Elmo addicts will be impressed to learn that the red monster and his buds shoot Sesame Street episodes at New York's historic TV and film production center, Kaufman Astoria Studios, just around the block from its 14-screen movie theater (UA Kaufman Studios, 36th Ave at 38th St; 800-326-3264). On hot summer days, families head to Astoria Park (23rd Rd to Hoyt Ave, between 19th St and Shore Blvd; 718-626-8621) for its huge pool, playgrounds, shady spots for picnicking and views of Manhattan. Parents also bring little ones to nearby Long Island City, where they can play at Socrates Sculpture Park (32-04 Vernon Blvd between Broadway and 10th St, 718-626-1533) or take part in the Art for Tots workshops at the Noguchi Museum (9-01 33rd Rd at Vernon Blvd, 718-204-7088). Astoria's toy shops and essential businesses—banks, laundries, grocery marts—are concentrated in the area around Broadway and Steinway Street, where familiar chains are interspersed with family-owned stores.
Astoria is loaded with casual restaurants serving standout food. Barranguet recommends bringing the kids to Mundo (31-18 Broadway at 32nd St, 718-777-2829). "We're from Uruguay," she says, "and the blend of Turkish and Argentine food there reminds us of home." Locals also enjoy the greatest concentration of Greek joints in NYC, like Uncle George's (33-19 Broadway at 34th Ave, 718-626-0593) and Stamatis (31-14 Broadway between 31st and 32nd Sts, 718-204-8968). Other culinary faves are the stroller-friendly Cup Diner and Bar (35-01 36th St at 35th Ave, 718-937-2322), a 300-seat eatery that dishes up tasty mac and cheese, and the 718 Restaurant (35-01 Ditmars Blvd at 35th St, 718-204-5553), where Jenny Lando, mom of Nora, 2, heads for romantic date nights with her husband. And no guide to Astoria is complete without a nod to the landmarked Bohemian Hall & Beer Garden (29-19 24th Ave between 29th and 31st Sts, 718-274-4925), where kids can nosh on pierogi with sauerkraut and onions —or if that doesn't fly, chicken nuggets and fried cheese.

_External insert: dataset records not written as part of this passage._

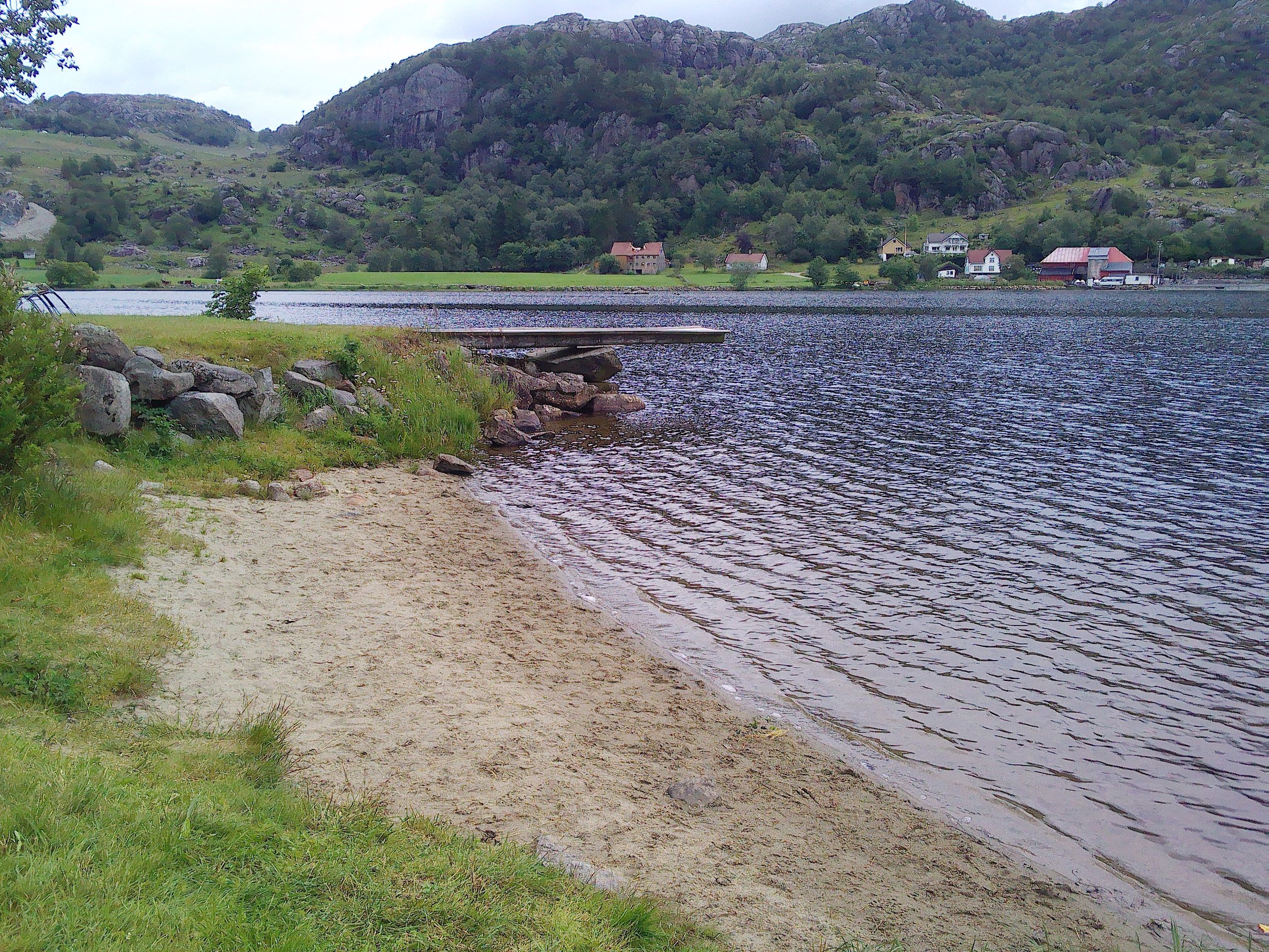 Unser nächstes Ziel sollte eigentlich Preikestolen sein, der berühmte, hoch über dem Lysefjord stehende Felsen mit dem glatten Plateau. Daher fuhren wir zuerst immer die E39 in Richtung Stavanger weiter. Da es gerade Sonntag war und wir nicht unbedingt an einem Wochenende zu dem stark besuchten Ausflugsziel wollten, legten wir vorher noch einmal eine Übernachtungspause ein, und zwar in Kyllingstad. Am Gemeindehaus der lockeren Ansammlung von Wohnhäusern und Firmen, am Ufer des langgezogenen See´s, befindet sich ein kleiner Platz mit Picknicktischen, einem Sandstrand und einer öffentlichen Toilette. Das Wetter war nicht so toll. Hier verbrachten wir den Tag mit einem Spaziergang und ruhten uns von der bisherigen Reise aus.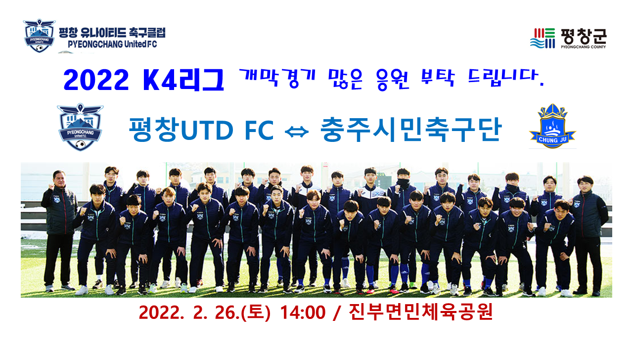 평창군 지역연고 축구단인 평창유나이티드 FC(단장 심봉섭)2022 K4리그 34라운드 첫 홈 개막전(충주 시민축구단)226일 오후 2시 진부면민체육공원에서 열린다.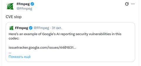 Команда FFmpeg (открытого фреймворка для обработки видео в Google Chrome, Firefox, YouTube и других основных платформах) призвала Google либо профинансировать проект, либо прекратить обременять своих добровольцев-методистов уязвимостями безопасности, обнаруженными с помощью инструментов искусственного интеллекта компании. Разработчики исправили некоторые ошибки, обнаруженные ИИ-агентом Google, но назвали обнаруженную такие уязвимости «CVE-slop» (CVE-шлакотстой).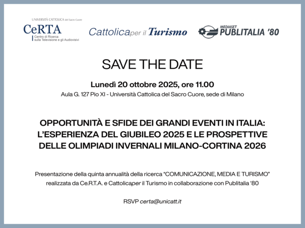 Anche di questo si parlerà il 20 ottobre alle 11 in aula Pio XI al workshop “Opportunità e sfide dei grandi eventi in Italia: l’esperienza del Giubileo 2025 e le prospettive delle Olimpiadi Invernali Milano-Cortina 2026”, evento di presentazione della quinta annualità della ricerca Comunicazione, Media e Turismo svolta da Ce.R.T.A. – Centro di Ricerca sulla Televisione e gli Audiovisivi in collaborazione con Publitalia ’80 e Cattolicaper il Turismo.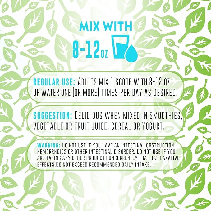 - 30 Scoops Per Bottle: Adults mix 1 level scoop with 8 to 12 ounces of water or favorite beverage one (or more) times per day as desired. Delicious when mixed in smoothies, vegetable or fruit juice, cereal or yogurt. Scoop included.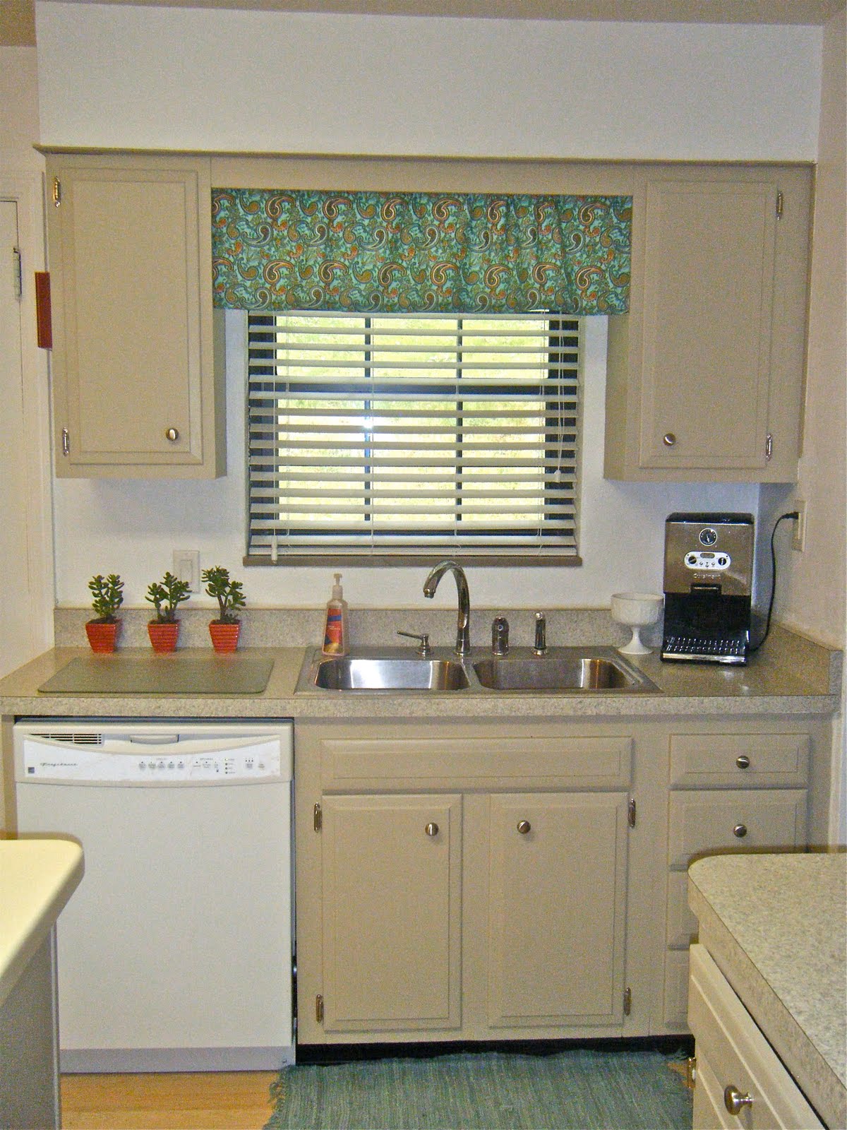 Like I've said before, I love and am very thankful for my house. However, it is still the epitome of a first home. We don't plan on being in this house more than a few years so we are trying to think of it as an investment and not put more into it than we think we are going to get out of it. Everyone knows that the money of a house is in its kitchen. That, my friend, is why we got such a good deal on this place. Its kitchen was like walking into a green hole. Green disgusting hole. I'm not kidding when I say that there was four inch hunter green plastic tile that went five feet up each wall of the kitchen. It literally took days of scraping and prying to get those mothers off. My point is, to say the kitchen needed a facelift would be an understatement, and we're not in the place to put new flooring, countertops, and cabinets in at this time. We made a lot of changes when we moved in but it was so plain. While working on the dining room, I got a little carried away and moved my motivation for pretty into the kitchen. Though hardly a gourmet kitchen, my favorite room of the house is now functional and much easier on the eyes. This will do just fine for now. It's called home improvement anyway, not home perfection. Right? Here's some before and after shots.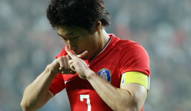 박지성이 15일 서울월드컵경기장에서 열린 2010 남아프리카공화국 월드컵 아시아지역 최종예선 아랍에미리트연합(UAE)과의 B조 2차전 경기에서 두번째 골을 기록한 후 특유의 세리머니를 선보이고 있다.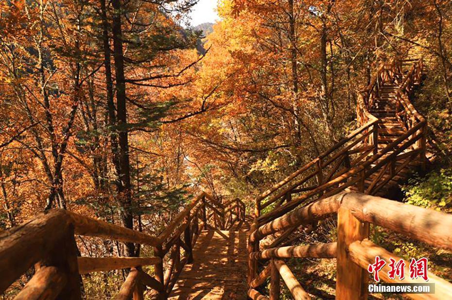 四川黑水沙石多乡干斯坝村网红树景点栈道。黑水宣传部供图
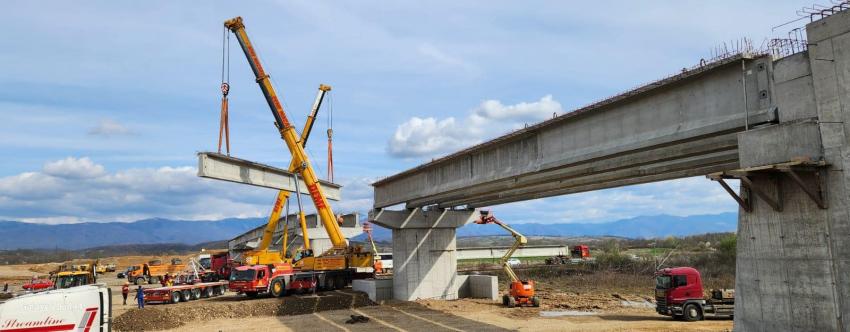Luni, 18 martie, s-a finalizat montarea tuturor grinzilor la pasajul rutier suprateran de la capătul centurii Beiuș, la Drăgănești.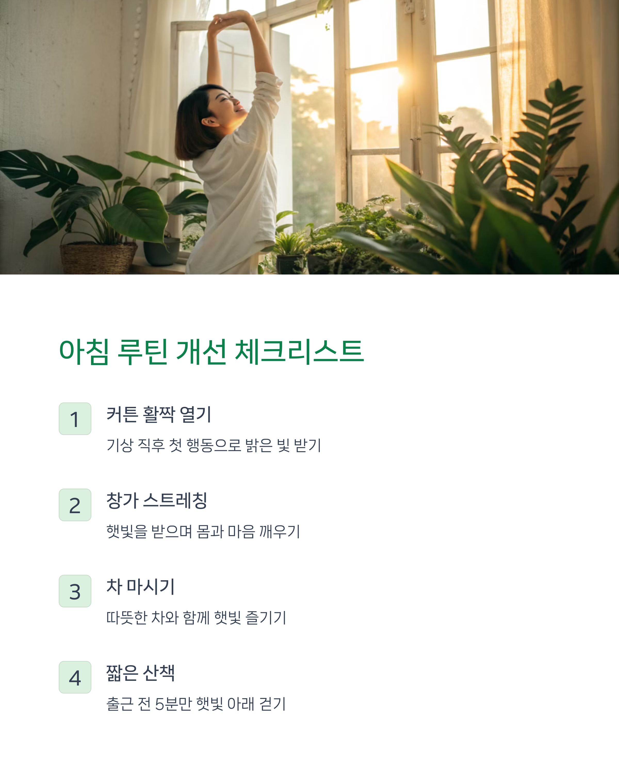 비가 오거나 너무 추운 날엔 실내에서 햇빛을 받는 것도 방법이에요. 저는 창문 가까이에 앉아서 커피를 마시거나, 간단한 스트레칭을 하면서 아침을 시작하곤 했어요. 유리창을 통해 들어오는 햇빛도 충분히 도움이 되더라고요.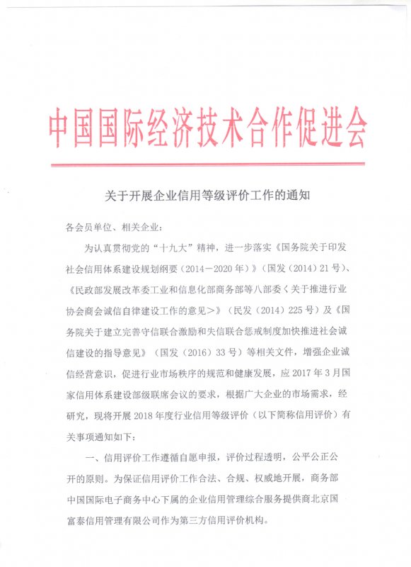 关于开展企业AAA级信用评价工作的通知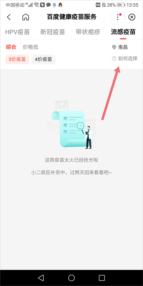 5、在打开的新页面中选择疫苗种类点击,如有不太清楚如何选择的用户可以通过点击其右侧的【如何选择】进行选择方式查阅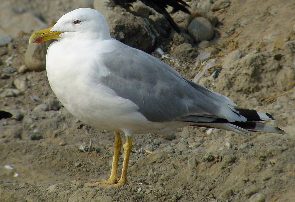 to the outer-web, with sharply defined edges. The iris is clearly yellow in summer in most argentatus, but some sub-adult argentatus will keep the iris amber to dark brown. |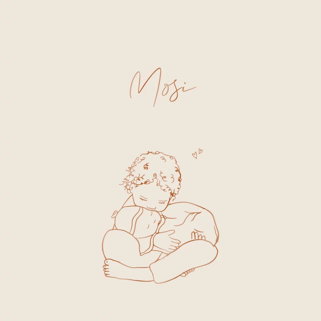 Lief minimalistisch geboortekaartje met mooie lijntekening van een grote broer/zus die zijn/haar zusje/broertje vasthoudt in de armen en een kusje geeft. Kies uit veel verschillende lijntekeningen in de editor - als jouw kindje toch echt ander haar heeft, laat het ons weten en wij passen dit gratis voor je aan op maat!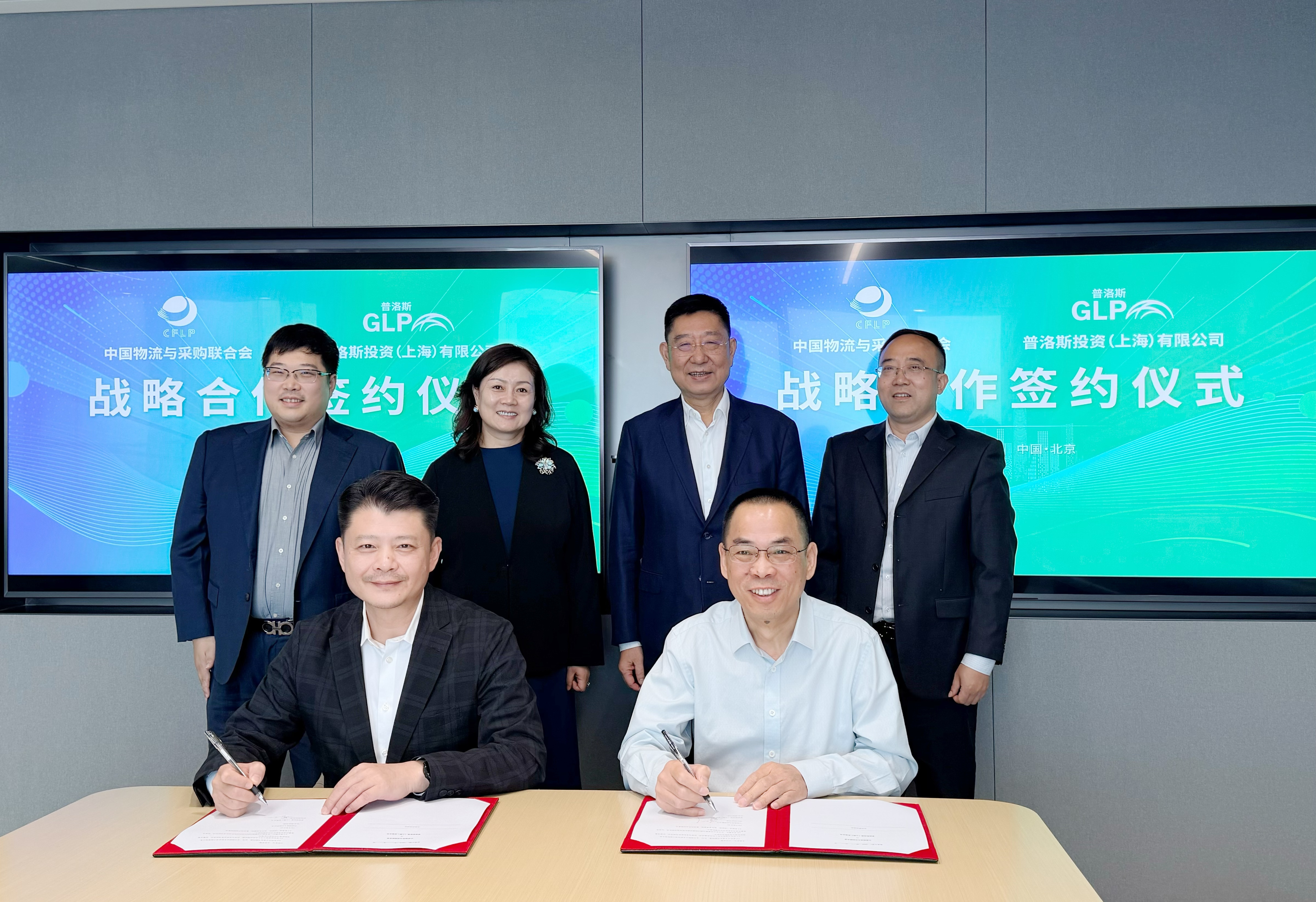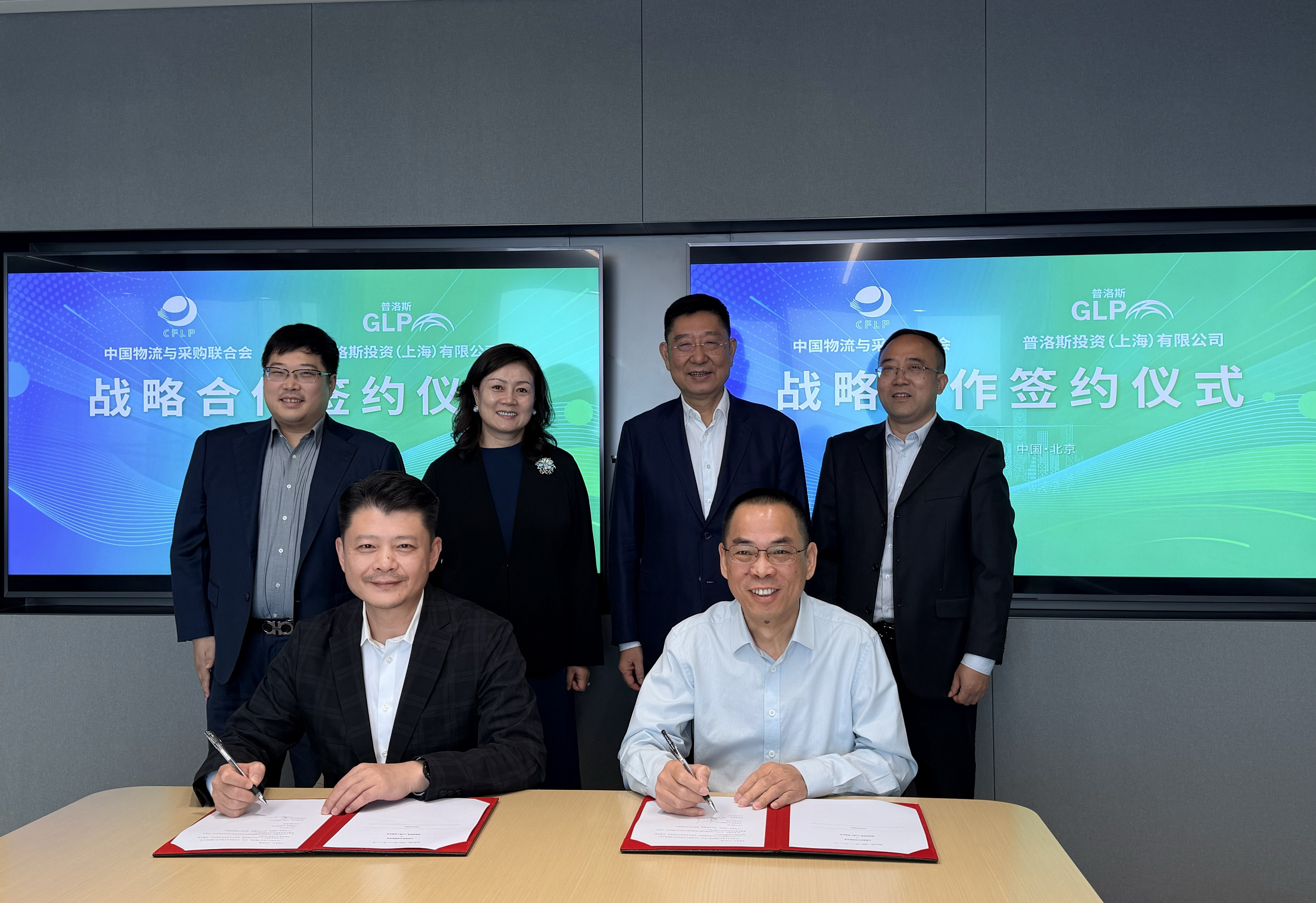 中国物流与采购联合会副会长胡大剑与普洛斯中国资产平台副首席运营官蔡晨代表双方签署协议。中国物流与采购联合会会长蔡进、普洛斯资产中国区总裁赵明琪、普洛斯中国资产平台战略营销副总裁熊忻恺出席仪式并见证签约。

Astoria has long had a reputation as a renters' neighborhood. Two-bedrooms in older low-rise brick buildings list for $1,300; even better bargains are found farther from the N and R stops. But a dozen new developments will spell more options for families looking to buy. Associate broker Robson Lemos of the Corcoran Group recently listed a 900-square-foot two-bedroom condo at the new Ionian Condominiums—with maple floors and quartz countertops—for $600,000. And the modest two-family brick houses (both attached and detached) lining quiet side streets start at $750,000, says Adriano Hultmann, associate broker at the Corcoran Group.
Even the most ardent fans have quibbles. Aside from the oasis of Astoria Park, concrete dominates the landscape. Schools can also be a sore spot. Sarah Espaol, mom of Ruben, 3, and Oscar, 1, runs a meet-up group for Astoria moms; she says parents recently discussed ways to bolster some of the area's weaker schools. Two grade schools do pass muster. Opened in 2003, P.S. 234 (30-15 29th St between 30th Rd and 30th Ave), pre-K to fifth grade, still has its founding principal and earned a good review from Insideschools.org for its high test scores, weekly art lessons and spacious facility. Our World Neighborhood Charter School (35th Ave between 36th and 37th Sts), K-8, offers small classes and boasts high reading and math scores. For some parents, Astoria is ideal because it's not overly kid-centric. "It isn't only for families," says Lando. "It's not just like you're in some commune with children; there are places to escape."
Bottom line: Manhattan-style convenience at a better price point lures families who favor the perks of city life.